--- Available data Enclosed Below ---
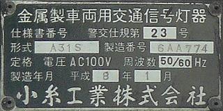 小糸セパ 金属製 警交仕規23号 形式1H33A TYライト
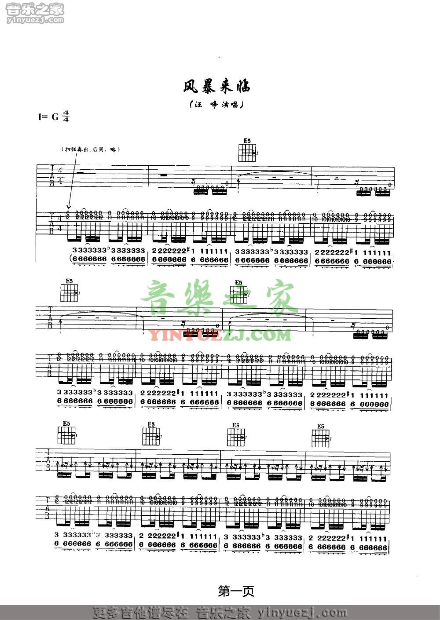 曲谱介绍: 汪峰《风暴来临》吉他谱
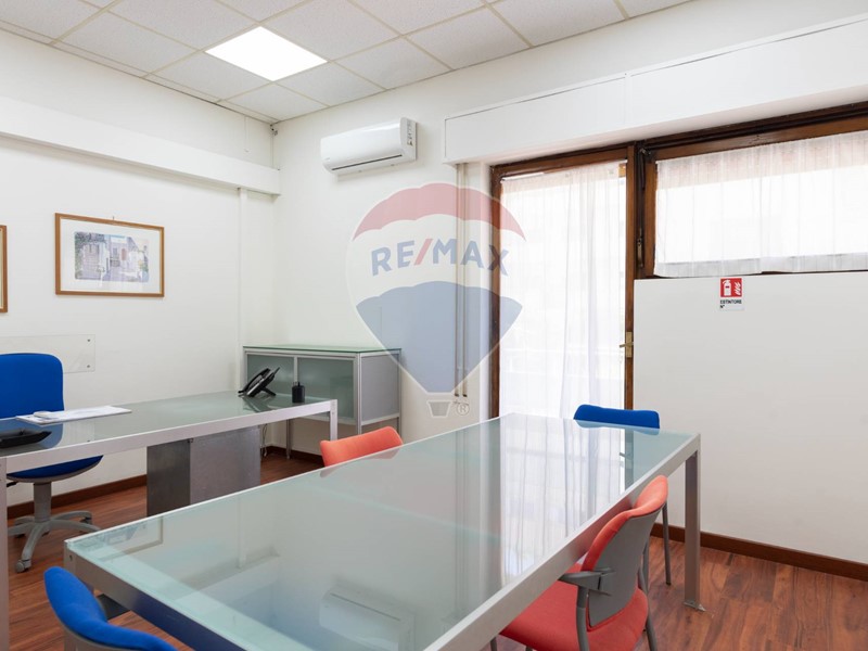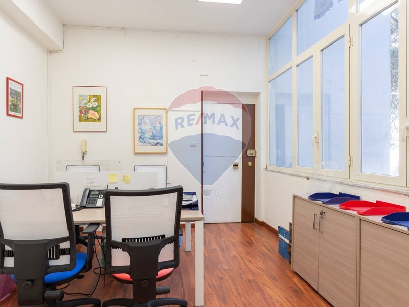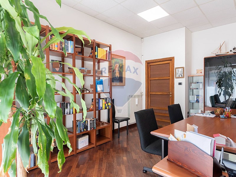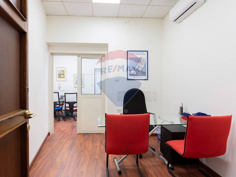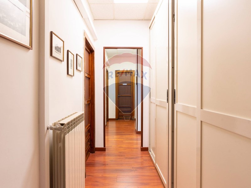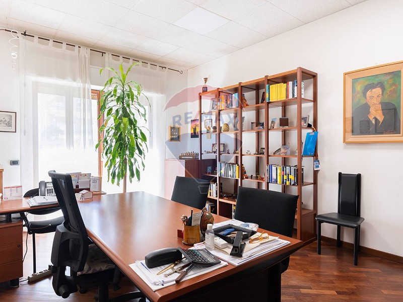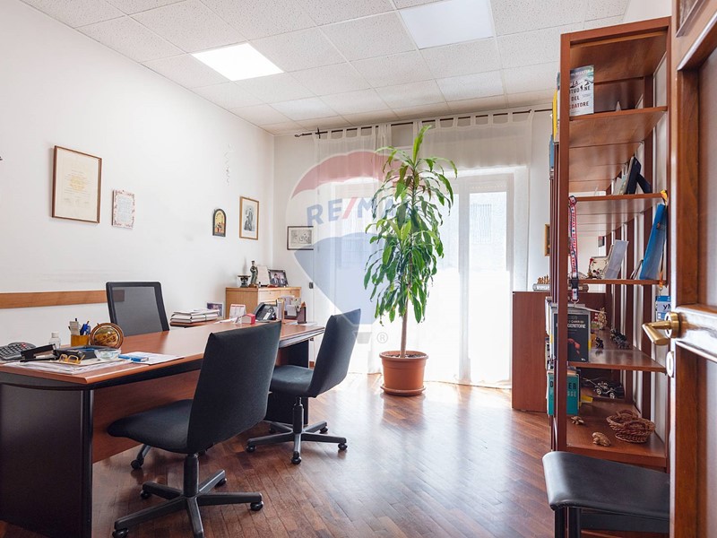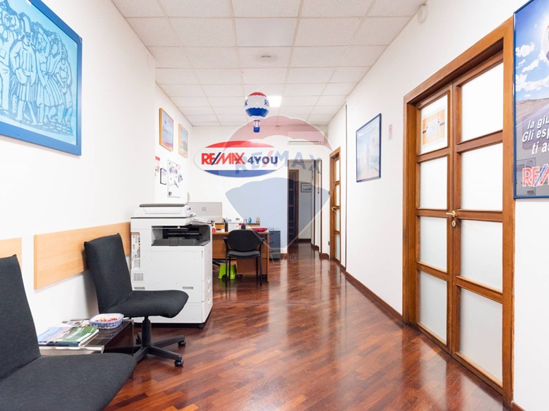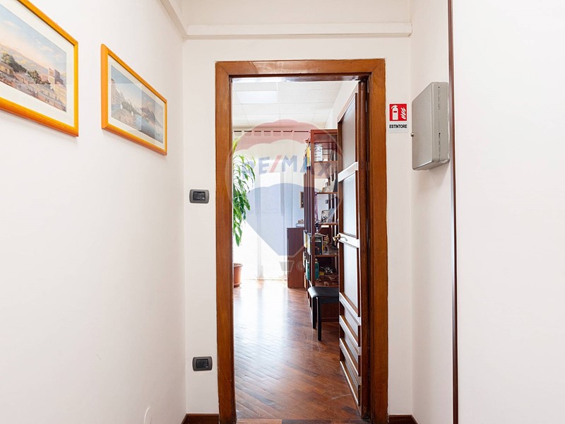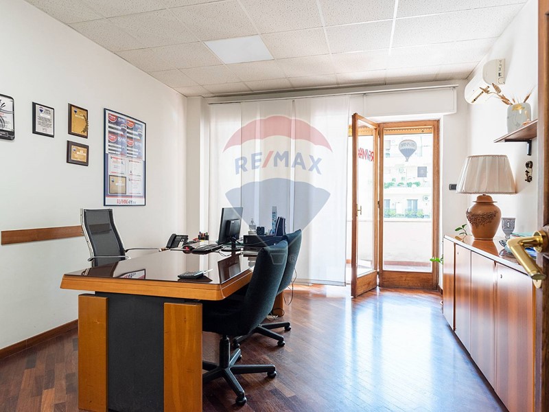 L'appartamento, nel recente passato locato ad uso ufficio, è attualmente composto da ingresso principale, grande corridoio con 4 ampie camere con sbocco diretto sulla balconata terrazzata esposta a Sud, un secondo corridoio con altre 2 camere con affaccio ad est ed a ovest, un grande salone con 3 aperture, 2 servizi, una cucina (da ripristinare, essendo stata eliminata), un ripostiglio ed un secondo ingresso in locale verandato.
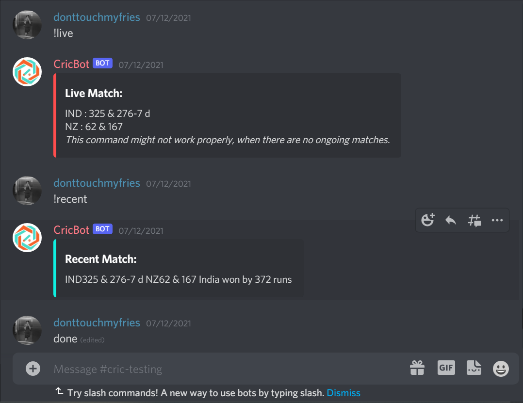 -> !recent command gives updates on the scores of the recent cricket match.
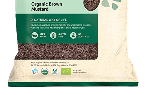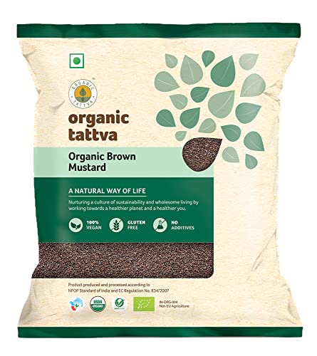 Organic Brown Mustard Seeds also known as Rai are essential spices in lots of regional cuisines. Black mustard adds a unique flavour. It is used widely in âPanch Phoran' spice blend. This spice blend can be utilized to make fish vegetables and other non-vegetarian curry dishes. Organic Tattva's Organic Brown Mustard is filled with protein iron and calcium. Apart from these nutrients Organic Brown Mustardalso contains dietary fibres vitamins and various other nutrients. A 100g serving of Organic Brown Mustard contains 0g trans fat and 0mg cholesterol. The calorie count per serving of Organic Brown Mustard is 542.93. Add a flavourful healthy touch to your food with Organic Brown Mustard by Organic Tattva.
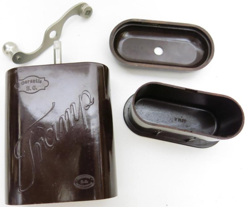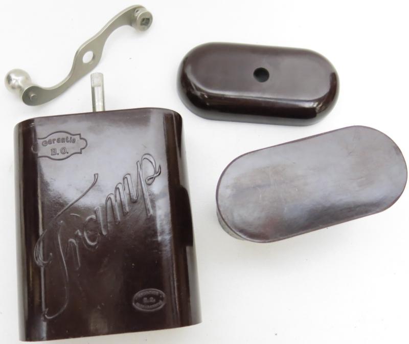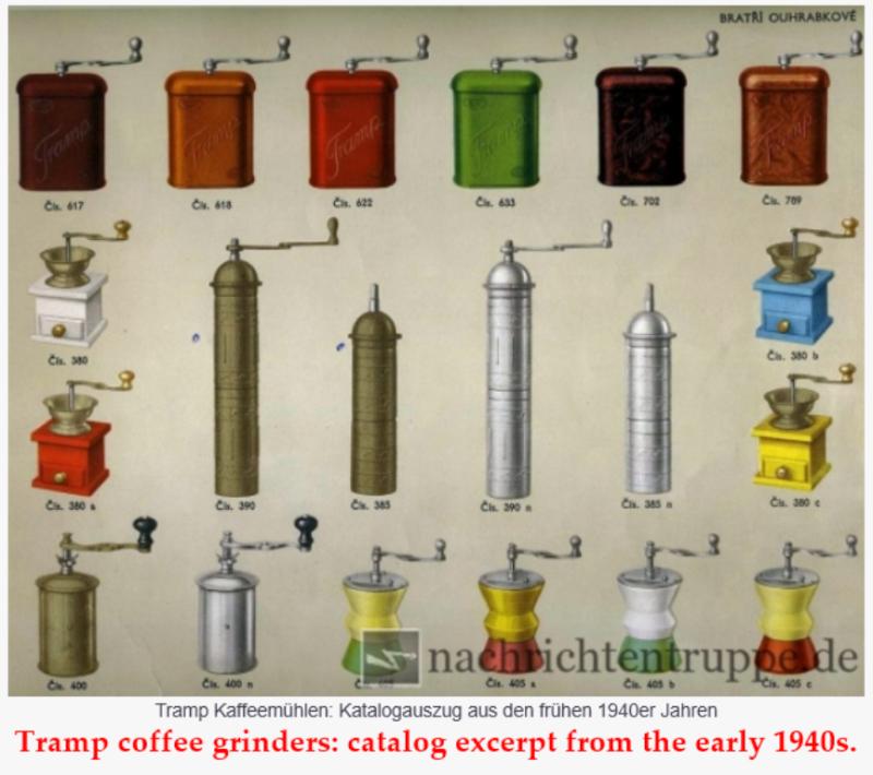 The link below is a complete study about these grinders, but it is in German and it has some contradictions on it, also it is really tought to read, so the final conclusion is that the Tramp grinders already existed in 1938, (Brand was founded in 1923), they were known and used in Germany, they were civilian stuff and NOT a Wehrmacht issue to the Troops, but many Soldiers used them as they used all kind of civilian stuff.
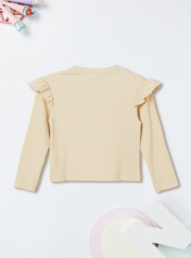 Step out in elegant charm with this pearl embellished top. Featuring a round neck, full sleeves, and delicate ruffles on the surface, it adds a feminine and stylish touch to your look.
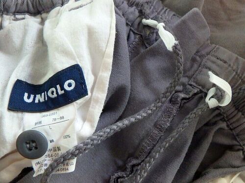 暑くなってくると、短パンの出番。ユニクロの短パン(869-0801)だが、ゴム素材が緩くなってきていて、ヒモで締めないとずり落ちるようになった。元は太めのゴムヒモ一体式なので、交換は考慮されていない。最下段の胴回りに通るゴム紐を通した。前部中央付近…
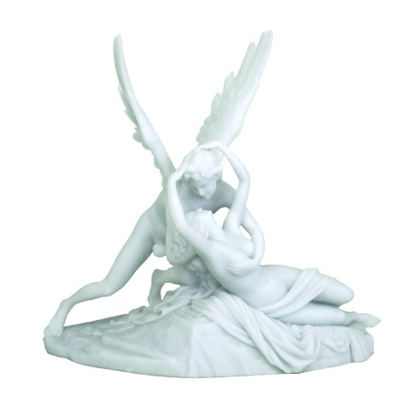 Statua di "Amore e Psiche" di Antonio Canova, in resina bianca e rifinita a mano in ogni singolo dettaglio. Amore e Psiche è stata realizzata da Antonio Canova tra il 1787 e il 1793 ed è conservato presso il museo del Louvre, a Parigi. “Amore e Psiche” è una delle più famose statue dello scultore Antonio Canova, realizzata indicativamente tra il 1787 ed il 1793 ed attualmente esposta al Museo del Louvre di Parigi, mentre una seconda copia (sempre ad opera dello stesso scultore) è esposta al Museo Ermitage di San Pietroburgo in Russia. Questa statua, molto elegante e sensuale, rappresenta Psiche, donna mortale di una bellezza così eccezionale da essere paragonata a Venere, mentre abbraccia il suo sposo Amore-Cupido, nonostante essa stessa sia all'oscuro della sua identità, poiché Cupido si presenta solo nell'oscurità della notte.
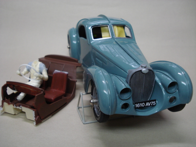 ドライバーも大きなハンドルを持たせなければいけないし、作り置きのレジンの人形の膝下が足らず追加したりと、結構苦戦している。 この車のドライバーにはヘルメットはいらないので、これもやはりどこかから普通の合いそうなヘッドを探し出してこなければならない。 内装の色も、もう一度剥離して塗り直さなければダメな様だし、シートの形状にも目をつむるしか無い様だ・・・。
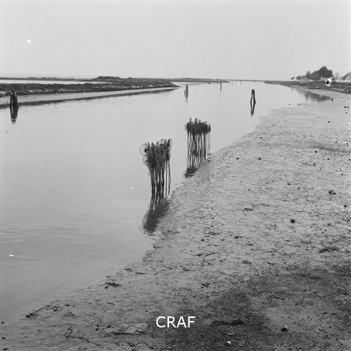 Veduta di un canale lagunare e delle reti da pesca ai bordi del canale
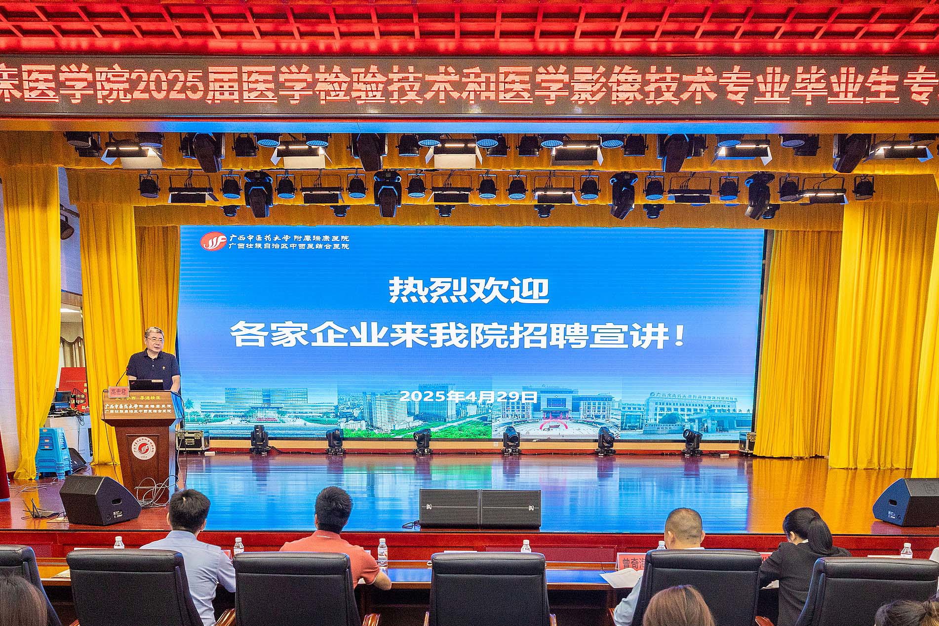 为促进2025届医学检验技术和医学影像技术专业毕业生高质量就业,近日,附属瑞康医院在B座十楼学术报告厅举办了2025届医学检验技术和医学影像技术专业毕业生专场招聘会。学校招就处副处长丁天全,医院党委书记高宏君、党委副书记王德胜、纪委书记彭定基出席会议,检验科、学生科、医学影像科负责人,深圳迈瑞南宁分公司、广西北部湾创新投资有限公司等9家企业代表以及150余名2025届毕业生参加会议。会议由王德胜主持。
--- End of Enclosed Available data ---
Each line above should be returned exactly as it stands, minus any pictures.

 小糸セパ 金属製 警交仕規23号 形式1H33A TYライト
 曲谱介绍: 汪峰《风暴来临》吉他谱
 L'appartamento, nel recente passato locato ad uso ufficio, è attualmente composto da ingresso principale, grande corridoio con 4 ampie camere con sbocco diretto sulla balconata terrazzata esposta a Sud, un secondo corridoio con altre 2 camere con affaccio ad est ed a ovest, un grande salone con 3 aperture, 2 servizi, una cucina (da ripristinare, essendo stata eliminata), un ripostiglio ed un secondo ingresso in locale verandato.
 -> !recent command gives updates on the scores of the recent cricket match.
 Organic Brown Mustard Seeds also known as Rai are essential spices in lots of regional cuisines. Black mustard adds a unique flavour. It is used widely in âPanch Phoran' spice blend. This spice blend can be utilized to make fish vegetables and other non-vegetarian curry dishes. Organic Tattva's Organic Brown Mustard is filled with protein iron and calcium. Apart from these nutrients Organic Brown Mustardalso contains dietary fibres vitamins and various other nutrients. A 100g serving of Organic Brown Mustard contains 0g trans fat and 0mg cholesterol. The calorie count per serving of Organic Brown Mustard is 542.93. Add a flavourful healthy touch to your food with Organic Brown Mustard by Organic Tattva.
 The link below is a complete study about these grinders, but it is in German and it has some contradictions on it, also it is really tought to read, so the final conclusion is that the Tramp grinders already existed in 1938, (Brand was founded in 1923), they were known and used in Germany, they were civilian stuff and NOT a Wehrmacht issue to the Troops, but many Soldiers used them as they used all kind of civilian stuff.
 Step out in elegant charm with this pearl embellished top. Featuring a round neck, full sleeves, and delicate ruffles on the surface, it adds a feminine and stylish touch to your look.
 暑くなってくると、短パンの出番。ユニクロの短パン(869-0801)だが、ゴム素材が緩くなってきていて、ヒモで締めないとずり落ちるようになった。元は太めのゴムヒモ一体式なので、交換は考慮されていない。最下段の胴回りに通るゴム紐を通した。前部中央付近…
 Statua di "Amore e Psiche" di Antonio Canova, in resina bianca e rifinita a mano in ogni singolo dettaglio. Amore e Psiche è stata realizzata da Antonio Canova tra il 1787 e il 1793 ed è conservato presso il museo del Louvre, a Parigi. “Amore e Psiche” è una delle più famose statue dello scultore Antonio Canova, realizzata indicativamente tra il 1787 ed il 1793 ed attualmente esposta al Museo del Louvre di Parigi, mentre una seconda copia (sempre ad opera dello stesso scultore) è esposta al Museo Ermitage di San Pietroburgo in Russia. Questa statua, molto elegante e sensuale, rappresenta Psiche, donna mortale di una bellezza così eccezionale da essere paragonata a Venere, mentre abbraccia il suo sposo Amore-Cupido, nonostante essa stessa sia all'oscuro della sua identità, poiché Cupido si presenta solo nell'oscurità della notte.
 ドライバーも大きなハンドルを持たせなければいけないし、作り置きのレジンの人形の膝下が足らず追加したりと、結構苦戦している。 この車のドライバーにはヘルメットはいらないので、これもやはりどこかから普通の合いそうなヘッドを探し出してこなければならない。 内装の色も、もう一度剥離して塗り直さなければダメな様だし、シートの形状にも目をつむるしか無い様だ・・・。
 Veduta di un canale lagunare e delle reti da pesca ai bordi del canale
 为促进2025届医学检验技术和医学影像技术专业毕业生高质量就业,近日,附属瑞康医院在B座十楼学术报告厅举办了2025届医学检验技术和医学影像技术专业毕业生专场招聘会。学校招就处副处长丁天全,医院党委书记高宏君、党委副书记王德胜、纪委书记彭定基出席会议,检验科、学生科、医学影像科负责人,深圳迈瑞南宁分公司、广西北部湾创新投资有限公司等9家企业代表以及150余名2025届毕业生参加会议。会议由王德胜主持。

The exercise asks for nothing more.